Also read: Adding Fractions
Comparing Like Fractions and Unlike Fractions
There are different ways to compare fractions depending on whether they are like fractions or unlike fractions. Let’s understand each case with simple explanations and new examples.
Comparing Like Fractions
Like fractions have the same denominator. So, when comparing like fractions, we only need to compare the numerators. The fraction with the larger numerator is greater.
Example: Compare 3/7 and 5/7
Both have the same denominator (7), so we compare the numerators.
5 is greater than 3.
Therefore, 3/7 < 5/7
Comparing Unlike Fractions
Unlike fractions have different denominators, so we can’t directly compare them. There are two common cases:
Case 1: Same Numerators, Different Denominators
When comparing unlike fractions with the same numerators, the fraction with the smaller denominator is larger. That’s because each part is larger when divided into fewer pieces.

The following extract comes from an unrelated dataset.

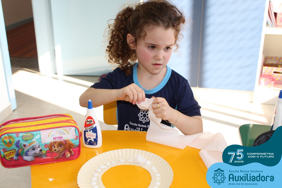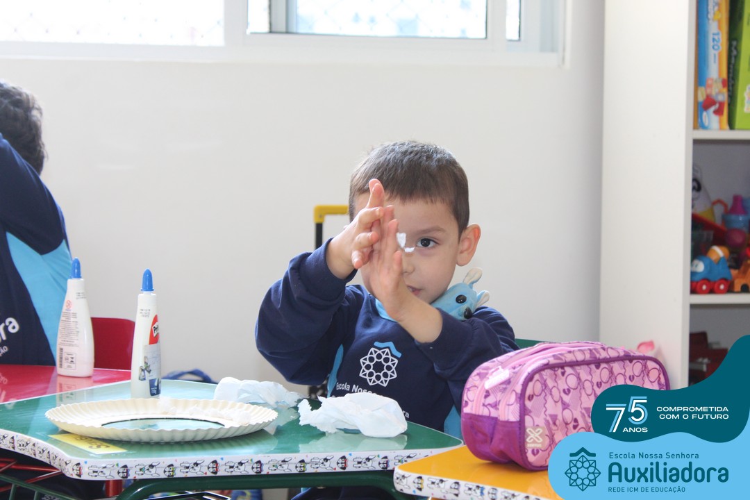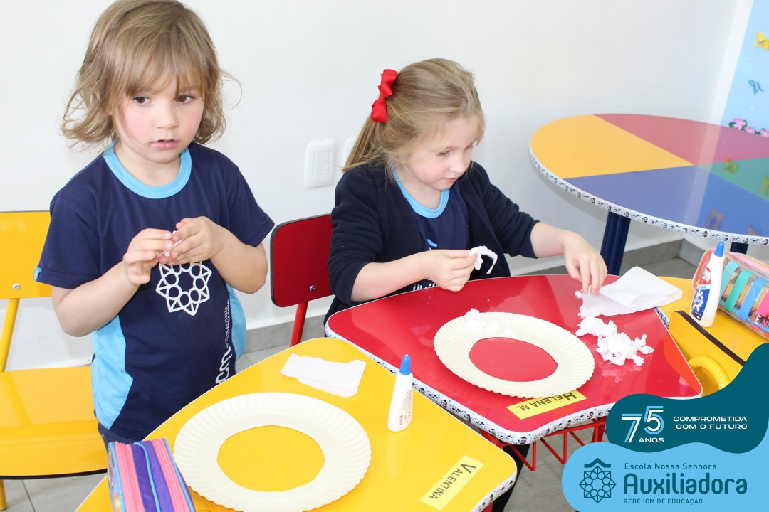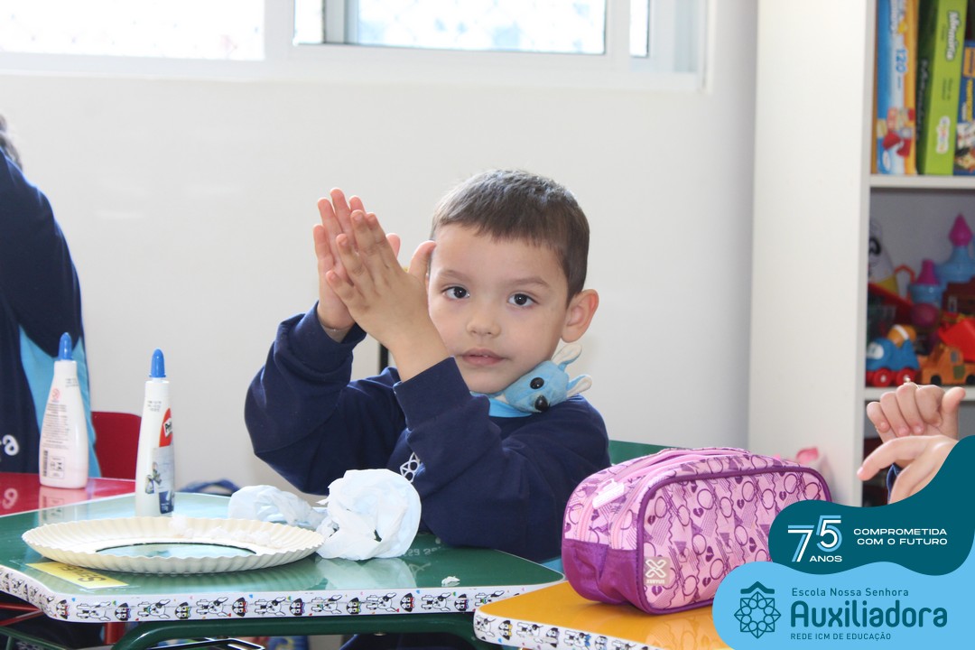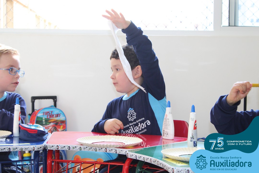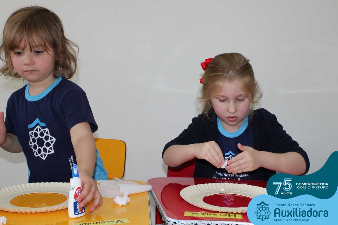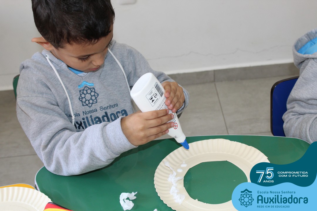 Durante a atividade, exercitamos o vocabulário, a coordenação motora e a ludicidade, pois aprendemos como nomear o animal em Inglês, fizemos bolinhas de papel para preencher a máscara deixando-a com a textura fofa como a lã da ovelha e também, nos divertimos imitando o bichinho.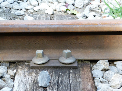 Carril suministrado por la Société Metallurgique de Sambre et Moselle al Ferrocarril del Urola. la playa de vías del Museo Vasco del Ferrocarril está conformada, en su mayoría, por estos históricos carriles

Example: Compare 4/9 and 4/11
Both have the same numerator (4)
Compare the denominators 9 < 11
So, 4 parts out of 9 are larger than 4 parts out of 11.
Therefore, 4/9 > 4/11
Case 2: Different Numerators and Different Denominators
When both numerators and denominators are different, we first convert the fractions into like fractions (with the same denominator) by using the LCM of the denominators. Then we compare the resulting numerators.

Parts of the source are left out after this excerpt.